Records from a dataset
=== Section Start ===
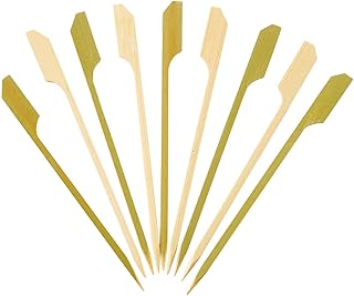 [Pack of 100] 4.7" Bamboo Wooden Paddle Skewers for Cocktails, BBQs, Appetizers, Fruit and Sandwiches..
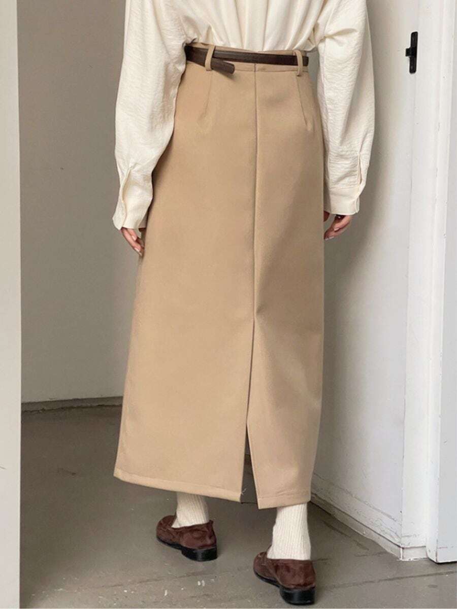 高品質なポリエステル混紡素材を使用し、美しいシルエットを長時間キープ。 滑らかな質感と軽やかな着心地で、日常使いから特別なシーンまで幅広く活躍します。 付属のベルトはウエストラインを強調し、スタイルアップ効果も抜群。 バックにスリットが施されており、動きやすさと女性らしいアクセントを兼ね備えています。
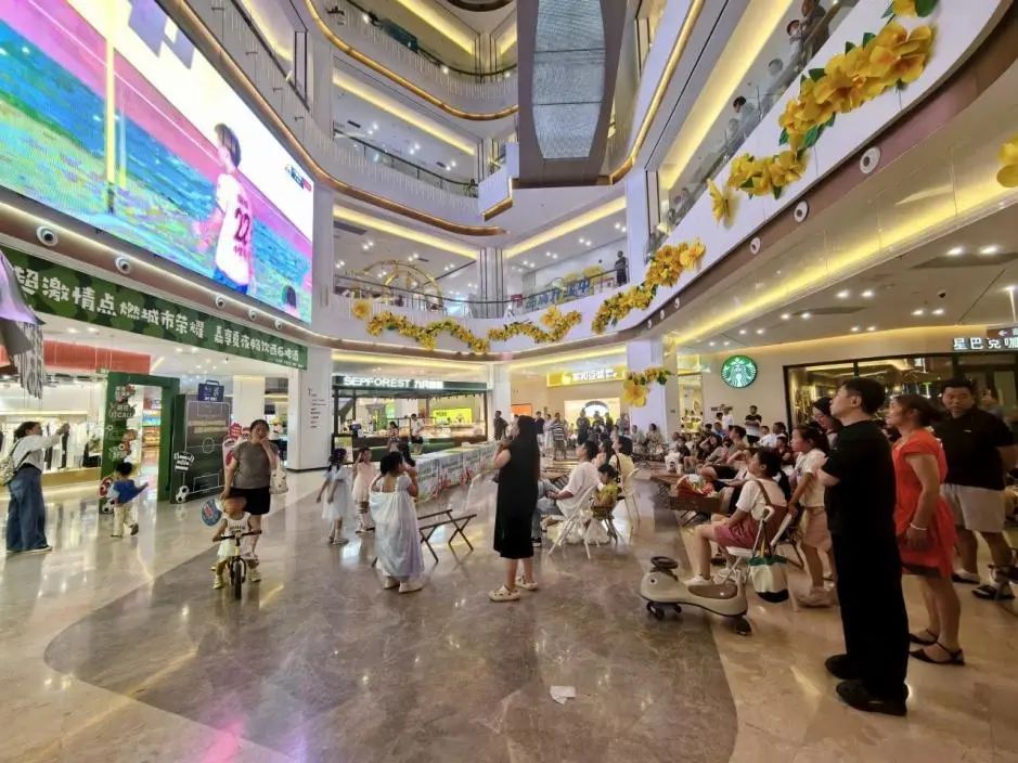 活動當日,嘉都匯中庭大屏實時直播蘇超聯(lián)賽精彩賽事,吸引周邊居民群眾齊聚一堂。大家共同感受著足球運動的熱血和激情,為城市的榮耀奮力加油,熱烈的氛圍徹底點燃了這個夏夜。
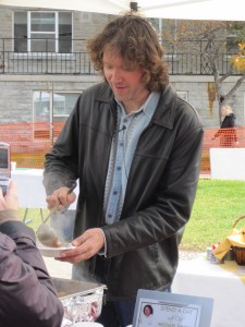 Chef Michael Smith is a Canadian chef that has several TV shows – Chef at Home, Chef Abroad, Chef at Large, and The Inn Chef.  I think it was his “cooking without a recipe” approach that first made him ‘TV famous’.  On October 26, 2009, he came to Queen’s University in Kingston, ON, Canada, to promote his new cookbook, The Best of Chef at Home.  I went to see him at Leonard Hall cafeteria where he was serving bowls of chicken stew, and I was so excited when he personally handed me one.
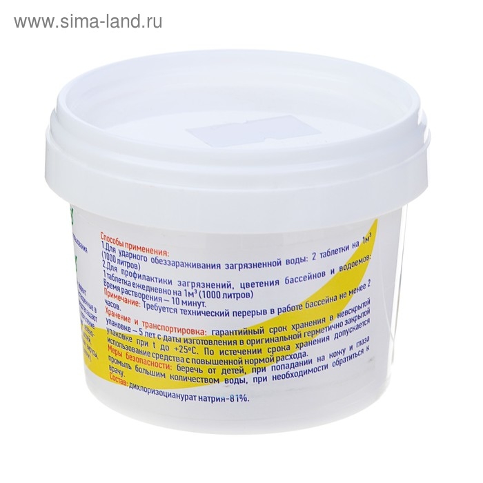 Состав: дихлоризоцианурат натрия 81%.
=== Section End ===
- **What you need to do**: Copy out every entry above exactly. Leave the pictures out.

- **Solution to the problem**:
 [Pack of 100] 4.7" Bamboo Wooden Paddle Skewers for Cocktails, BBQs, Appetizers, Fruit and Sandwiches..
 高品質なポリエステル混紡素材を使用し、美しいシルエットを長時間キープ。 滑らかな質感と軽やかな着心地で、日常使いから特別なシーンまで幅広く活躍します。 付属のベルトはウエストラインを強調し、スタイルアップ効果も抜群。 バックにスリットが施されており、動きやすさと女性らしいアクセントを兼ね備えています。
 活動當日,嘉都匯中庭大屏實時直播蘇超聯(lián)賽精彩賽事,吸引周邊居民群眾齊聚一堂。大家共同感受著足球運動的熱血和激情,為城市的榮耀奮力加油,熱烈的氛圍徹底點燃了這個夏夜。
 Chef Michael Smith is a Canadian chef that has several TV shows – Chef at Home, Chef Abroad, Chef at Large, and The Inn Chef.  I think it was his “cooking without a recipe” approach that first made him ‘TV famous’.  On October 26, 2009, he came to Queen’s University in Kingston, ON, Canada, to promote his new cookbook, The Best of Chef at Home.  I went to see him at Leonard Hall cafeteria where he was serving bowls of chicken stew, and I was so excited when he personally handed me one.
 Состав: дихлоризоцианурат натрия 81%.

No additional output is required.